I address this question by analysing four key passages that indicate the known danger of proximity to consumptives and situating them within the broader discussion of disease transmissibility, building on previous investigations into ancient understandings of contagion (Nutton 1983, 2000a, 2000b; Grmek 1984; Hankinson 1995; Longrigg 2000; Jouanna 2012). In Isocrates, laymen give warnings against caring for a consumptive since most carers consequently die from the disease (Isocrates, Aegineticus 29). Ps.Aristotle asks the question why only some diseases, like consumption, are contagious and posits that the patient’s diseased breath being inhaled by others is to blame (Ps.Aristotle, Problemata 887a23-35). Galen says it is obvious that proximity to consumptives is dangerous, as is proximity to all those whose exhalations are putrid and noisome (Galen, De Differentiis Febrium 7.279K). Plutarch questions why the custom where the children of a parent who died of consumption place their feet in water until the deceased’s corpse is burned is thought to prevent consumption passing to the child (Plutarch, De Sera 558d-e). Considering tuberculosis’ sporadic patterns of manifestation, this paper explores the superstitious and rational underpinnings of these observations of transmissibility and the reluctance of medical authors to readily accept and explain what the populous observed.

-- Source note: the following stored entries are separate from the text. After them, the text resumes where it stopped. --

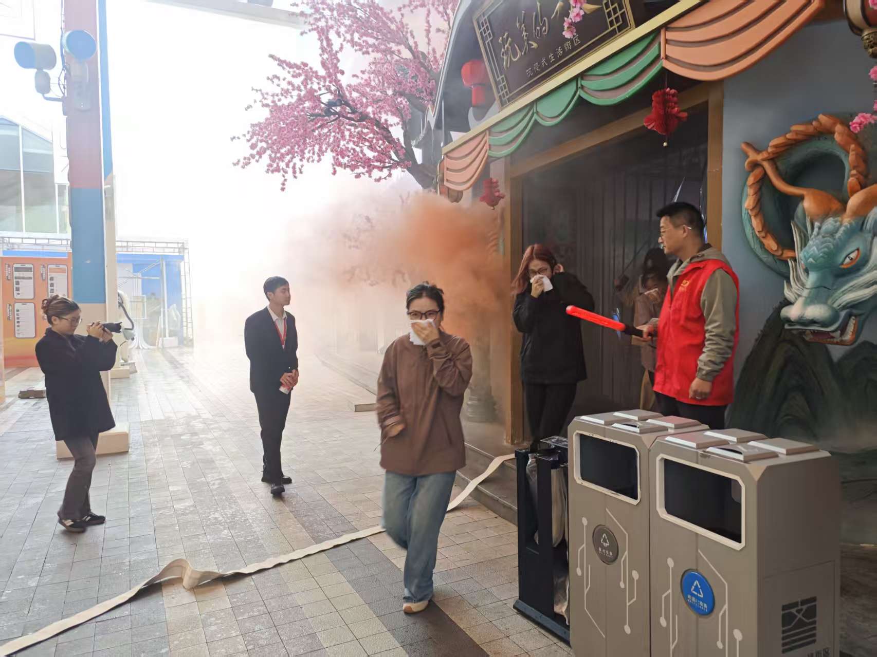 演练现场,实战氛围浓厚。从人员应急疏散逃生演练开始,保安员们按照预设方案,迅速引导“被困人员”弯腰低姿、捂住口鼻,沿安全通道快速有序撤离,整个过程紧张高效、有条不紊,充分展现了应急状态下的组织协调能力。
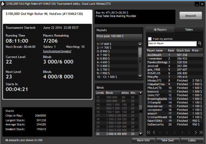 В последнее время начал поигрывать МТТ(по 1-3 паралельно с кешем), и для настроения помогает(люблю представлять как это круто выиграть 10к за день), и помагает наиграть больше часов в кеш когда в МТТ долго играешь. Вот вчера мой рекордный занос, И не гнобите меня сильно, я за жизнь сыграл 200 МТТ включая фрироллы.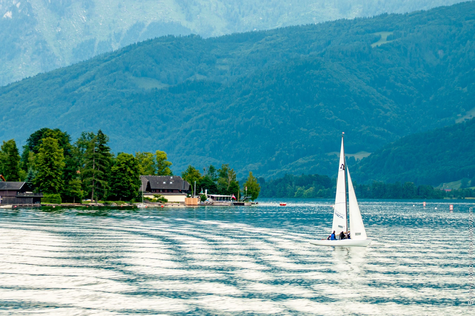 A sailboat gracefully navigates the serene lake, surrounded by lush mountain scenery. The tranquil waters reflect the surrounding beauty. This photo perfectly captures the peaceful atmosphere of a lakeside sailing experience.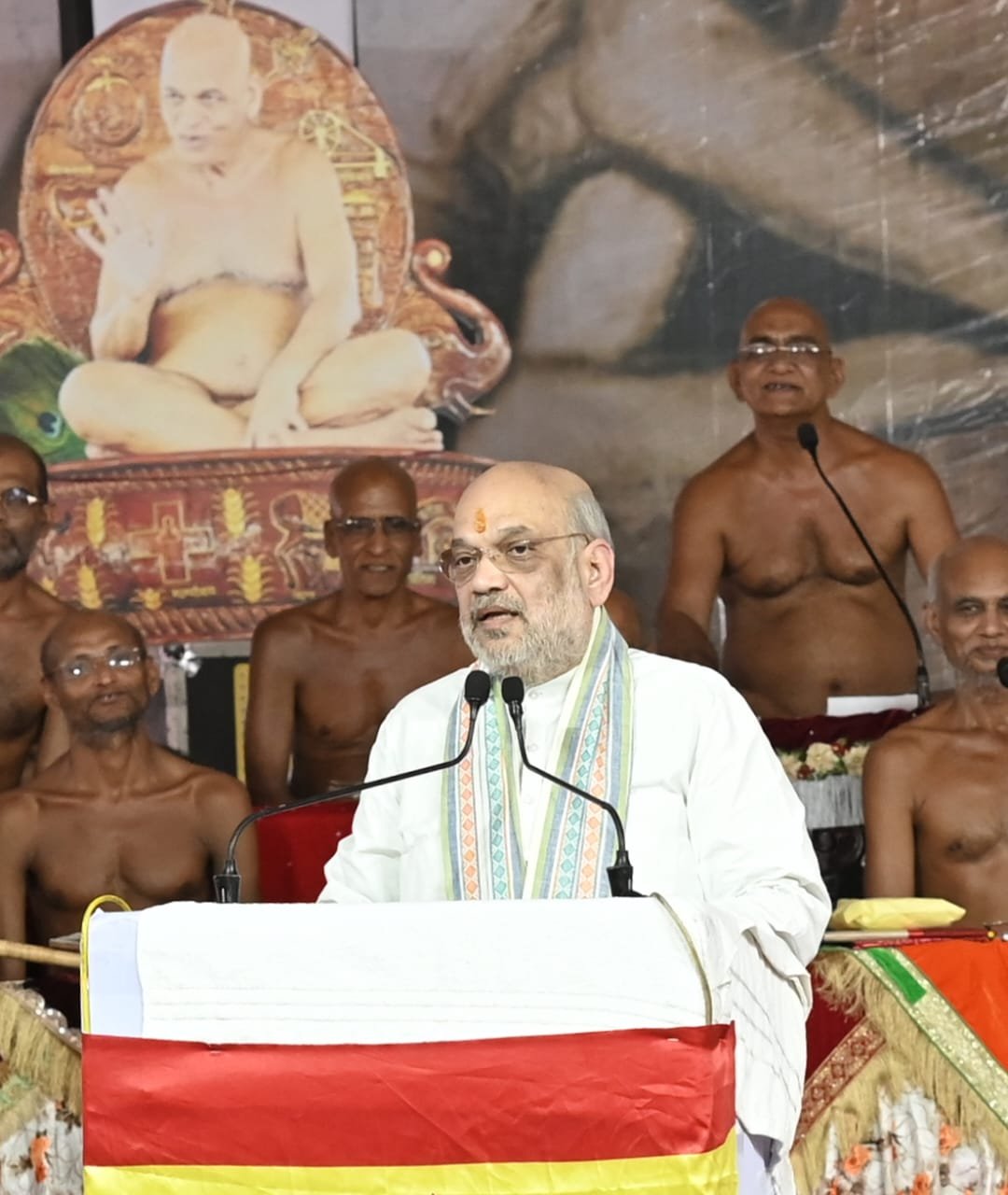 केन्द्रीय गृह और सहकारिता मंत्री भारत सरकार अमित शाह ने कहा कि दिगम्बर जैन आचार्य विद्यासागर महाराज ने तपस्या का मार्ग अपनाया और अंतिम समय में उन्होंने पंचतत्व को आत्मसात किया। उनका शरीर कृशकाय होता गया। उनके जीवन से जैन समाज को आध्यात्मिक ऊर्जा मिलती है। उन्होंने अपना जीवन राष्ट्र के लिए समर्पित कर दिया। ऐसे लोग विरले होते है। अहिंसा परमो धर्म: को समस्त विश्व में व्याख्यायित किया। उन्होंने जीवन भर जैन धर्म के सभी सिद्धातों का पालन किया। गृह मंत्री ने कहा कि प्रधानमंत्री नरेन्द्र मोदी के नेतृत्व में वसुधैव कुटुम्बकम, अहिंसा परमो धर्म की पोटली बांधकर उनके संदेशों का विश्व में प्रचार कर रहे है। उन्होंने कहा कि दिगम्बर जैन आचार्य विद्यासागर महाराज की स्मृति में भारत में 100 रूपए का सिक्का तथा उनके जीवन कंवल को वर्णित करने वाले 5 रूपए का लिफाफा का लोकार्पण किया। जिसके लिए उन्होंने प्रधानमंत्री को धन्यवाद दिया। गृह मंत्री ने कहा कि यह संत परंपरा का सम्मान है और इसकी आज समाज को बहुत जरूरत है। उनके सिद्धांत, उपदेश, विचार संदेश बनकर युगों-युगों तक अमर रहेंगे। उनका जीवन त्याग, संयम, तपस्या से परिपूर्ण रहा। देश की संत परंपरा समृद्ध रही है और भारत भूमि में संत परंपरा का निर्वहन किया जाता रहा है। यहां के संतों ने देश को एकता के सूत्र मेंं बांधा है और भक्ति के माध्यम से राष्ट्रीय चेतना की लौ जलाए रखी है। पाश्चात्य संस्कृति से दूर रहते हुए देश की संस्कृति एवं भाषा को संबल दिया है। जैन मुनि ने देश को एक करने का कार्य किया। पैदल घूम कर त्याग की पराकाष्ठा का अपने कर्मों से संदेश देने का कार्य किया है। उन्होंने अपना जीवन धर्म, संस्कृति और राष्ट्र की सेवा के लिए समर्पित किया। उन्होंने अंतिम क्षण तक खुद की परवाह करे बगैर राष्ट्र धर्म का पालन किया। उन्होंने सबके प्रति समभाव रखा तथा वितरागी रहे। हिन्दी में मूक माटी उनका महाकाव्य बना। अनेक भाषाओं में उनके अनुयाययियों ने इसे संरक्षित किया है। आचार्य विद्यासागर ने कहा है कि जिस प्रकार भोजन की थाली में विविध प्रकार के व्यंजन होते है, उसी प्रकार हमारे देश में विभिन्न प्रकार की लिपियां, बोली, भाषा, व्याकरण, सांस्कृतिक रूप से देश को समृद्ध बनाते हंै। उन्होंने धर्म, दर्शन, आध्यात्म  के साथ राष्ट्र प्रेम के प्रति जनसामान्य को जागरूक किया है। उन्होंने बताया कि शरीर क्षण भंगुर है और पंचतत्व का उदाहरण दिया। आचार्य जी नेे स्वदेशी के लिए आव्हान किया तथा गृह उद्योग, कुटीर उद्योग, गोधन, चरखा, हथकरघा के लिए जनमानस को प्रेरित किया। दिगम्बर जैन आचार्य विद्यासागर महाराज जी के कार्य, लेखन, प्रवचन, संदेश राष्ट्र की धरोहर है। उन्होंने कल्प वृक्ष की भांति ज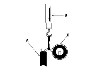 2. Insert the brush (A) into the brush holder, and bring the brush into contact with the commutator, then attach a spring scale (B) to the spring (C). Measure the spring tension at the moment the spring lifts off the brush.

Phthisis was a common, incurable, and fatal disease; immediately recognizable because of the sufferer’s symptoms of paleness, coughing, spitting blood, and wasting away (e.g., Hippocrates, Prorrhetic 2.2). Often considered divine retribution for religious transgression and associated with moral impropriety and vices in philosophical texts (set as the bodily counterpart to a thoroughly corrupted and incurable soul e.g., Aristotle, Nicomachean Ethics 1150b), consumption carried stigma in the general population. These connotations combined with entrenched concepts of an individual’s miasma as a polluting force on the collective (Parker 1983) led the Hippocratic authors who eschewed supernatural explanations of medical phenomena, to deny the empirical observation of human-to-human transmission of phthisis. For them, contagion was a concept so deeply associated with magico-religious explanations of the world that they instead focused on framing their understanding within theories of individualized nosology, heredity, environmental influences on an individual’s humoral constitutions and their susceptibility to the disease. They relied on explanation through perceivable forces, e.g., smell, since noxious effluvia, sputa and other excreta were the diagnostic hallmarks of consumption. The doctor’s priority was pragmatic: to treat the patient. Knowledge of transmissibility (e.g., in plague times) resulted in ethically unacceptable consequences such as abandoning care for the sick altogether (Thucydides, Hist. 2.51). By undertaking a case study of one of the few diseases that was occasionally considered transmissible, we gain greater insight into the theoretical, practical, and ethical underpinnings of contagion understanding in antiquity.